Pereira 22/01/2024
Lima Barreto e um diagnóstico de país.
Em 2018, Mariana Ferrer acusa o empresário André Aranha de tê-la supostamente dopado e estuprado no interior de uma boate de luxo, onde estava a trabalho, levando o caso ao público por meio de suas redes sociais.
André Aranha, um empresário bem-sucedido, conhecido na cidade e com laços de proximidade com herdeiros do maior conglomerado de mídia do Brasil, atrai atenção popular e causa grande comoção.
Durante o julgamento, o advogado de defesa teria constrangido a vítima ao exibir fotos de Mariana em poses que ele afirmava serem "ginecológicas". O juiz, em sua sentença, inocenta André Aranha alegando falta de provas e a ausência de tipificação de "estupro culposo" na legislação brasileira.
Na trama de Clara dos Anjos, a protagonista vê seu futuro desgraçar-se ao ser seduzida, deflorada e abandonada por Cassi Jones. Ao buscar justiça, é confortada pela mãe do agressor, que argumenta: "Por acaso, meu filho as amarra, as amordaça, as ameaça com faca e revólver? Não. A culpa é delas, só delas..." Mesmo com Cassi acumulando mais de dez casos de defloramentos, ele conta com "a benevolência secreta de juízes e delegados, que, no íntimo, julgam absurdo o casamento dele com suas vítimas, devido às diferenças de educação, nascimento, cor e instrução", permanecendo impune.
Apesar de terem se passado mais de um século desde a publicação de Clara dos Anjos, os paralelismos entre os dois casos são inegáveis.

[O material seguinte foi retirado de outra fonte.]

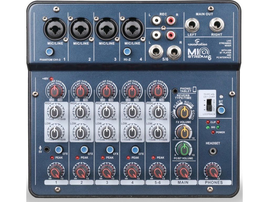 Pro rychlé vylepšení zvuku je k dispozici vestavěný digitální efektový procesor se 4 přednastavenými efekty, který eliminuje potřebu externích efektových jednotek. Díky své kompaktní konstrukci a intuitivnímu ovládání je MIOSTREAM6 spolehlivým partnerem pro tvůrce obsahu na cestách.
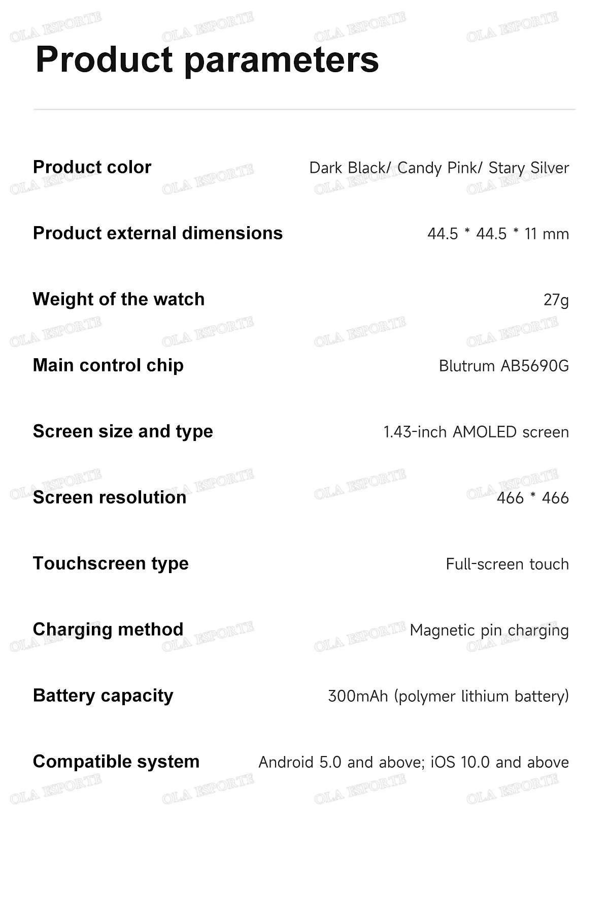 * Tela: 1,43 polegadas, resolução 466*466
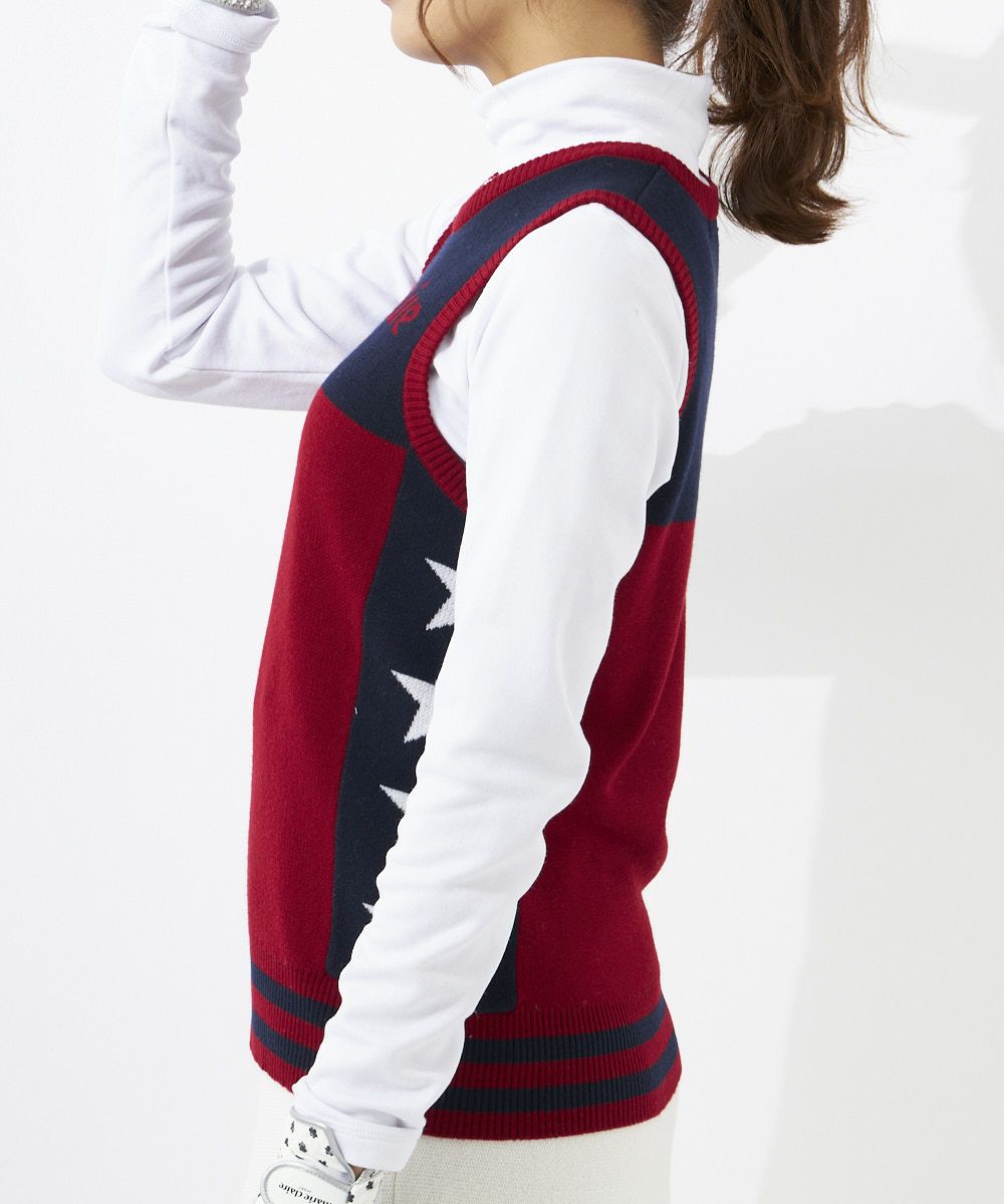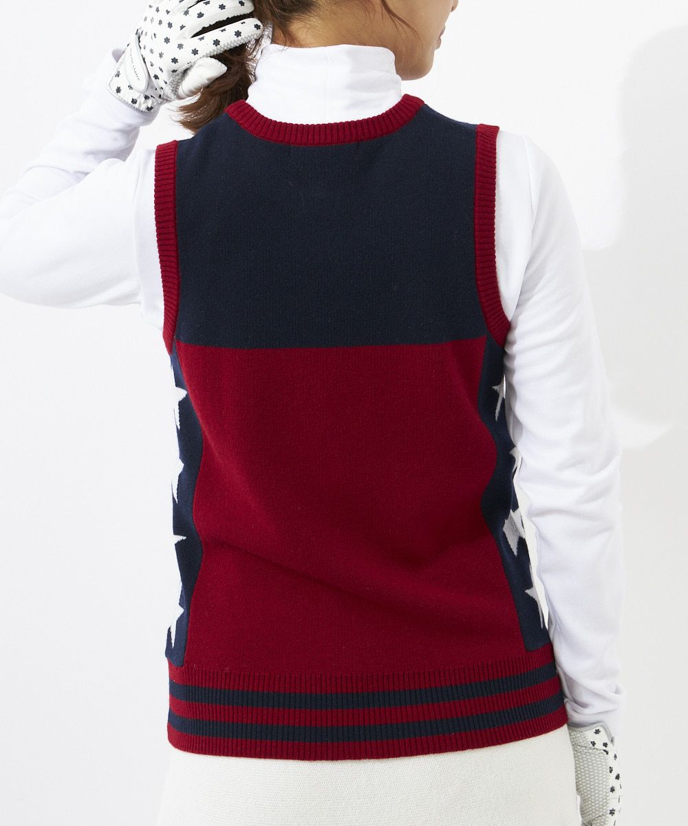 細身え効果のある配色ベストです。サイドの星柄がアクセントに。肌寒いときにインナー上に着て頂けるアイテムとなっております。
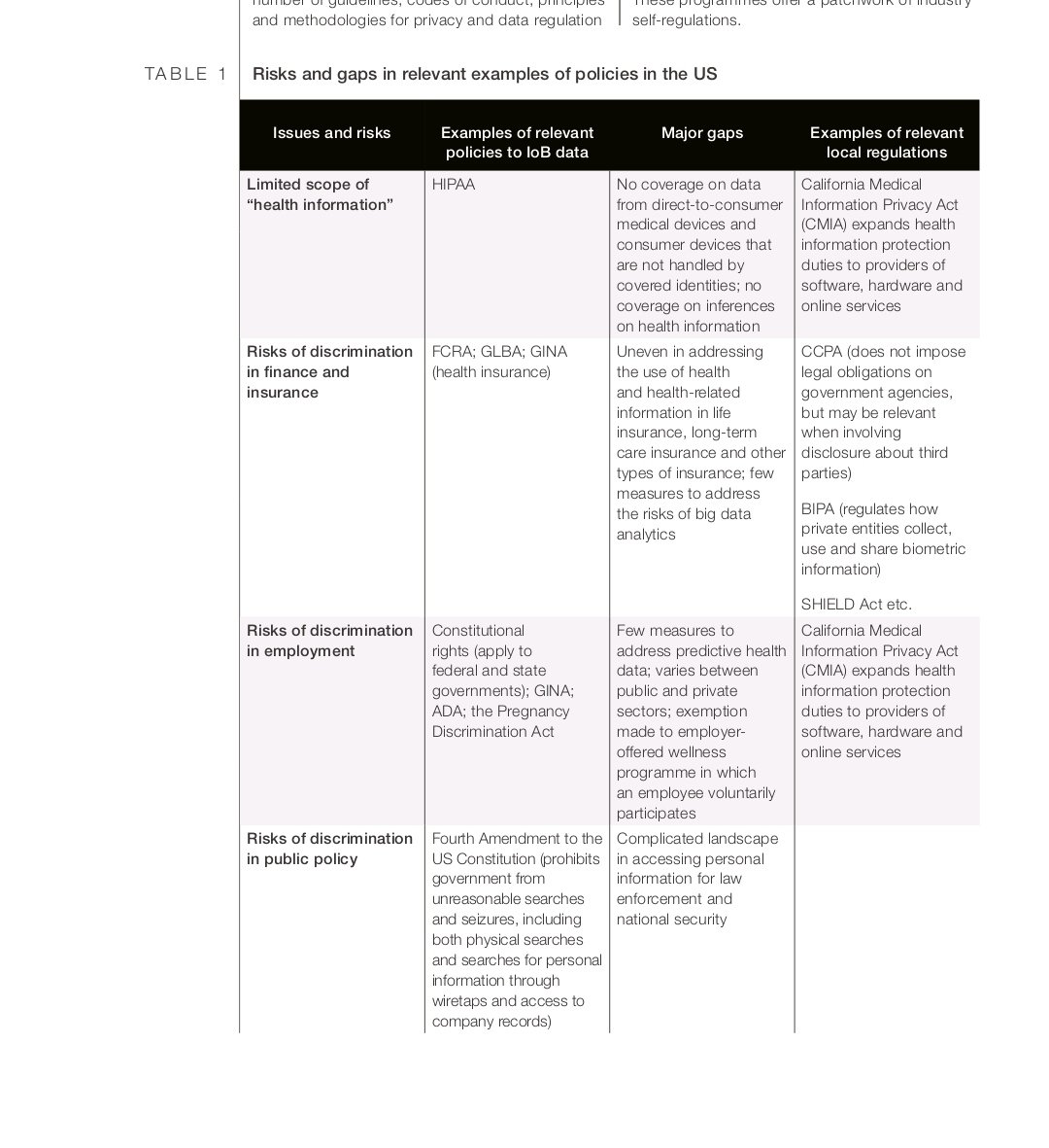 La governance dei dispositivi IoB è gestita attraverso un mosaico di agenzie statali e federali, organizzazioni senza scopo di lucro ,gruppi difesa consumatori
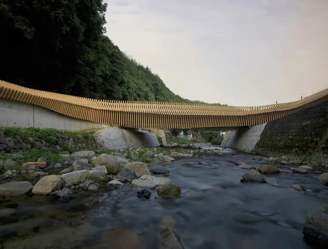 通过将日本引以为豪的木工技术与现代计算机技术相结合,久杉桥呈现出一种与传统土木结构截然不同的柔和且充满人情味的表达。
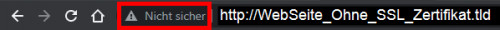 Ohne SSL-Zertifikat erscheint eine Warnung, dass die Seite „Nicht sicher“ ist:
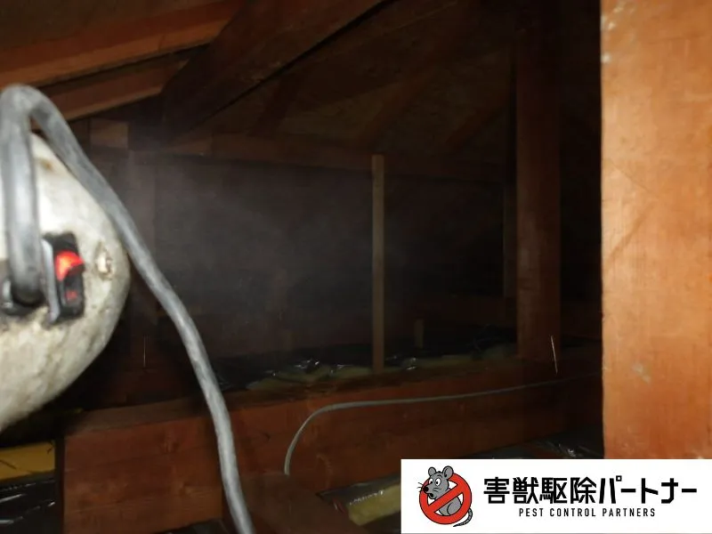 ネズミの体にはダニやノミなどが付着しており、ネズミが死亡すると他の寄生先を探して人間に被害が出る可能性があります。特に住宅内や屋根裏などでネズミが死亡すると、こうした2次被害が起こる可能性が高いため、殺虫用の薬剤を噴霧していきます。
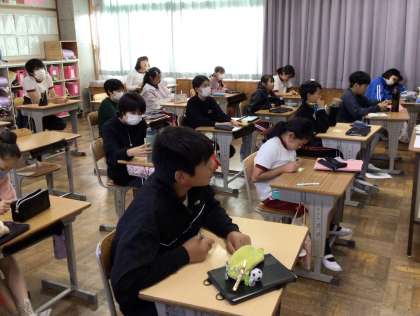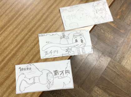 会社活動の報告会をしていました。報告のプレゼンがよくできていました。日頃の活動や、今日の報告をもとに、分配されたオリジナルの紙幣をどの会社にいくら渡したいか決めていました。それぞれの会社が倒産しないように頑張っているようです。やる気や活動の充実につながる面白い方法だと思いました。
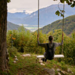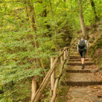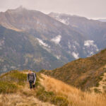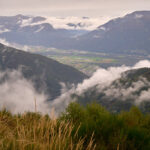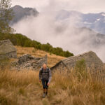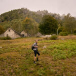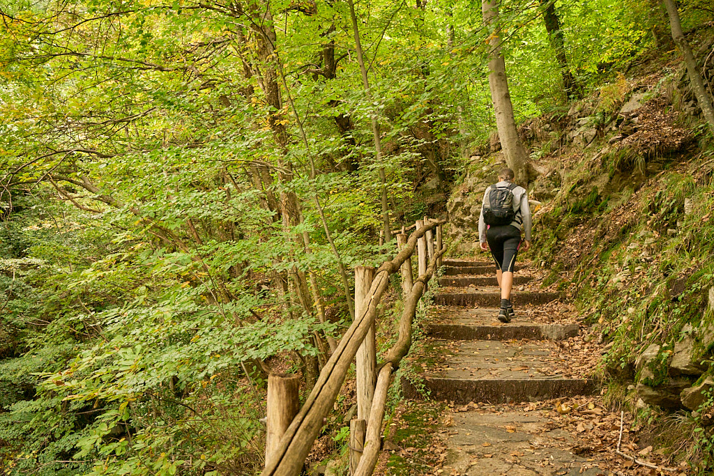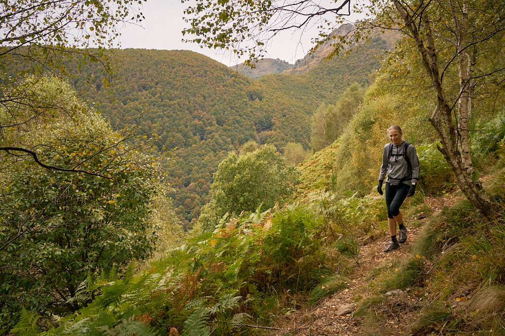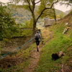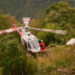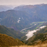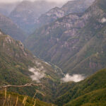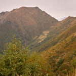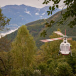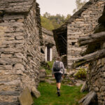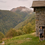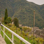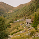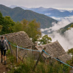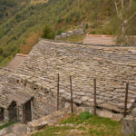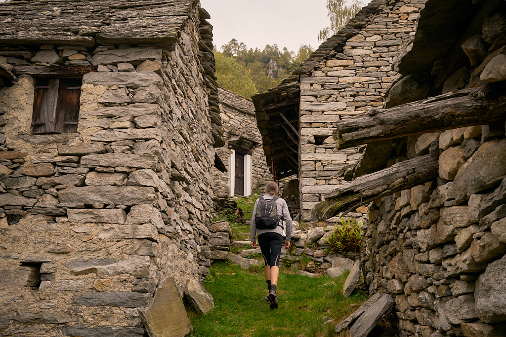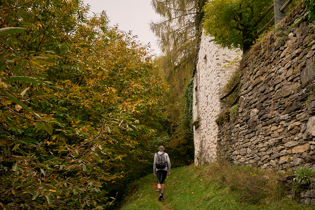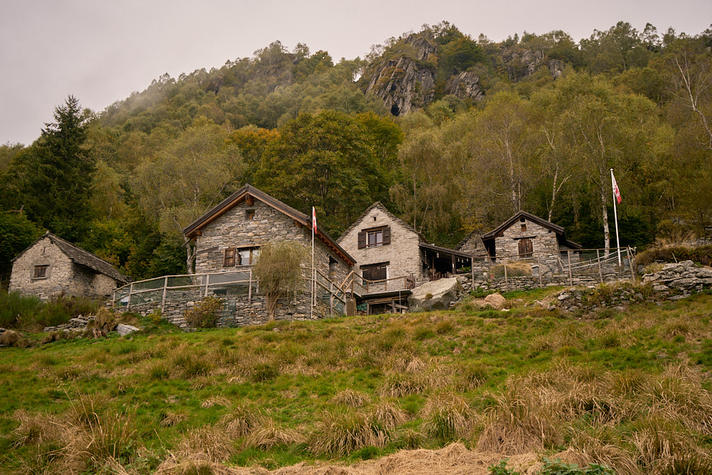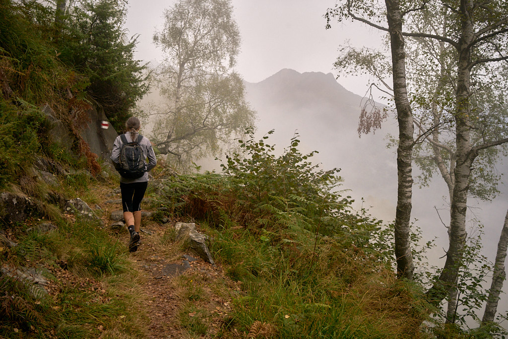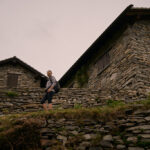 Der Weg führte im Zickzack steil durch den Wald und an zahlreichen mehr oder weniger verfallenen Alphütten vorbei. Dieser Schein konnte jedoch trügen. Bei einem Ziegenstall versuchte ich, den verrosteten Riegel der Holzpforte zu öffnen und einen Blick ins Innere zu erhaschen. Dabei fiel mir das ganze desolate Schloss mitsamt Beschlägen zu Boden, sodass ich es irgendwie wieder an die Holzbalken befestigte und weiterging. Wenige Meter später knatterte es plötzlich aus dem Tal und ein Helikopter stieg unvermittelt hinter den Bäumen herauf. Während wir unseren Augen nicht trauten, setzte er tatsächlich genau neben jener Scheune zur Landung an, bei der ich eine Minute zuvor noch am Werk war. Wegen der kleinen Waldlichtung konnte er zwischen den Bäumen nur mit den Kufen am Rand der Stützmauer aufsetzen. Ein älteres Paar stieg aus und bewegte sich gebückt zur Hütte, während der Hubschrauber mit lautem Getöse wieder ins Tal entschwand. Wir hatten uns schon zuvor gewundert, ob diese Hütten überhaupt noch benutzt werden und wie ihre Besitzer sie wohl nur auf mühsamen Pfaden erreichen können. Aber der Linienflug aus der Luft scheint für einige von ihnen offenbar auch eine gangbare Alternative zu sein.
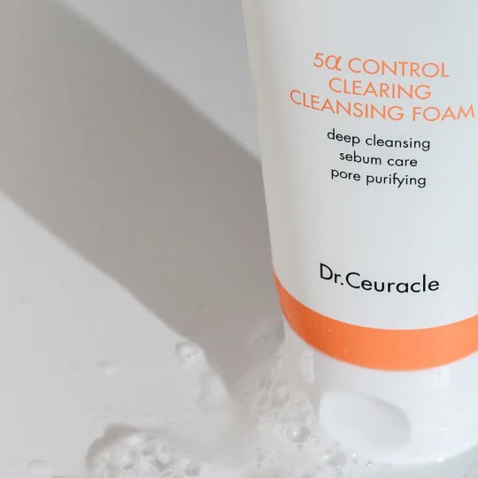 The 5α Control Clearing Cleansing Foam from Dr. Ceuracle is a deep cleansing foam that effectively cleanses, soothes, and addresses excess sebum in one step.
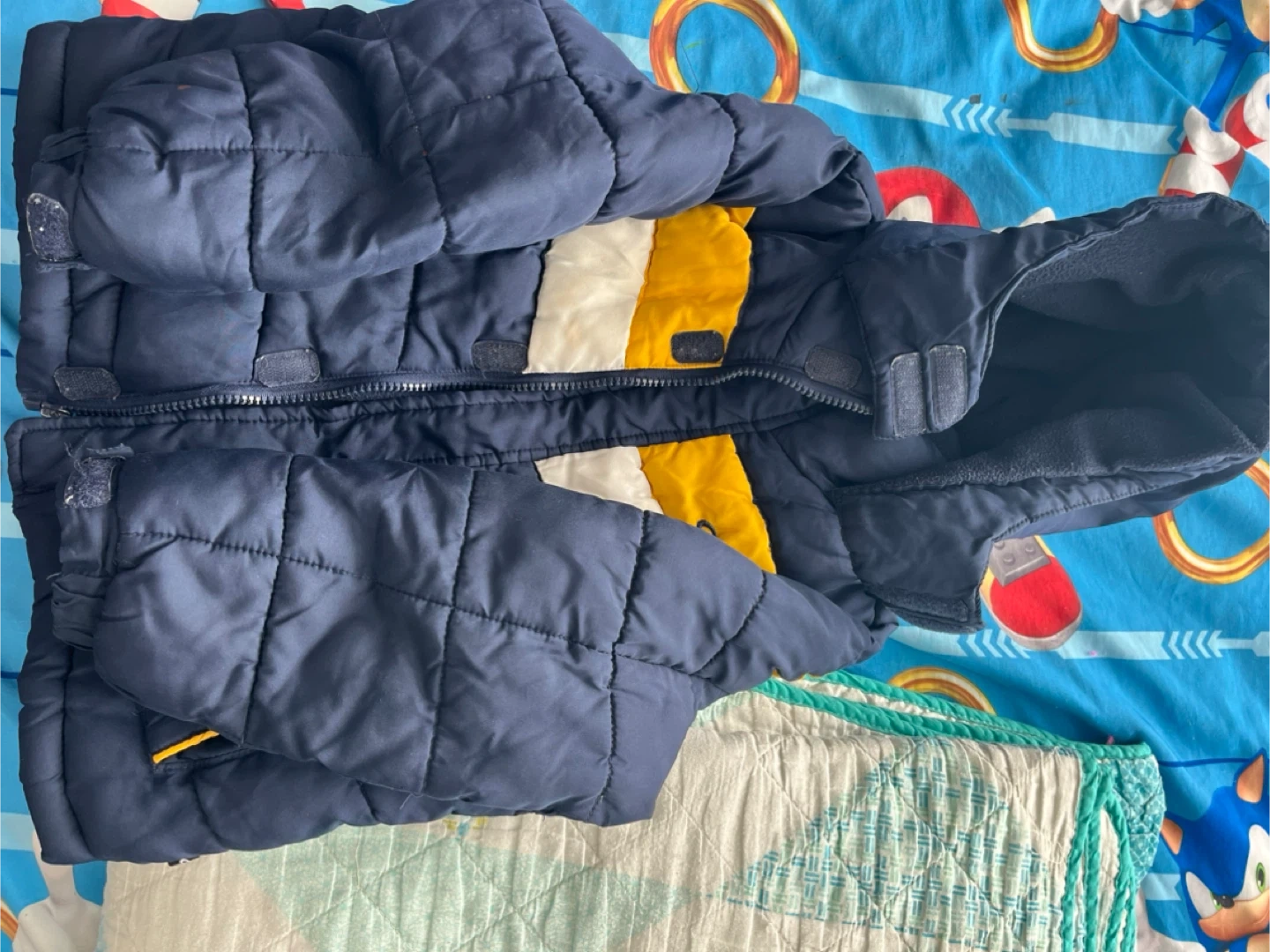 20A cozy navy blue puffer jacket, perfect for keeping warm on chilly days! It features a quilted design and a fleece-lined hood for extra comfort. Great for kids!
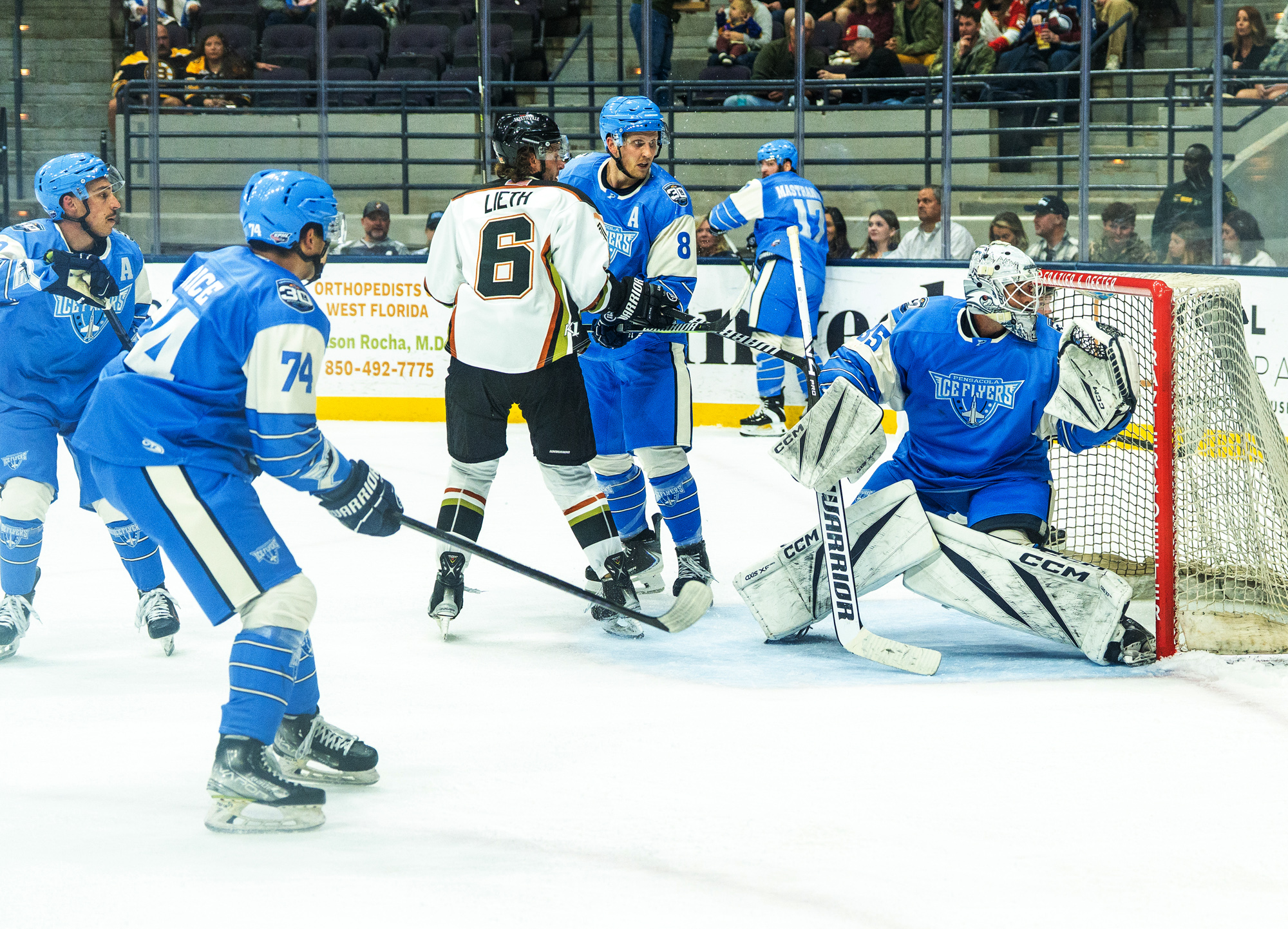 After a scoreless first period that saw both teams trade chances, Sam Rhodes broke through in the second to give the Ice Flyers a 1-0 lead. Tim Kent evened the score for Fayetteville midway through the frame, but Rhodes answered back late in the period to restore the Ice Flyers’ advantage. Tyler Burnie added another goal before the end of the second, sending Pensacola into the final period with a commanding 3-1 lead.

Ano após ano, o Brasil testemunha no mapa da violência o aumento dos casos de agressão contra mulheres, especialmente aquelas negras/pardas e pobres. Isso evidencia a importância da leitura de Lima Barreto, que fez um diagnóstico dos problemas fundamentais do Brasil, destacando os problemas estruturais enraizados em um passado marcado pela escravidão, subserviência e exploração dos corpos racializados.
Para Octávio Ianni, destacado sociólogo brasileiro, Machado de Assis, Cruz e Souza e Lima Barreto formam o trio que inaugura a literatura afro-brasileira. Segundo ele, é impossível se deparar com a obra de algum desses três sem sentir a necessidade de refletir e se engajar na causa dos negros. Entre eles, Lima Barreto talvez seja aquele que mais se destaca na abordagem da questão racial, evidenciando sua emoção por meio de sua escrita.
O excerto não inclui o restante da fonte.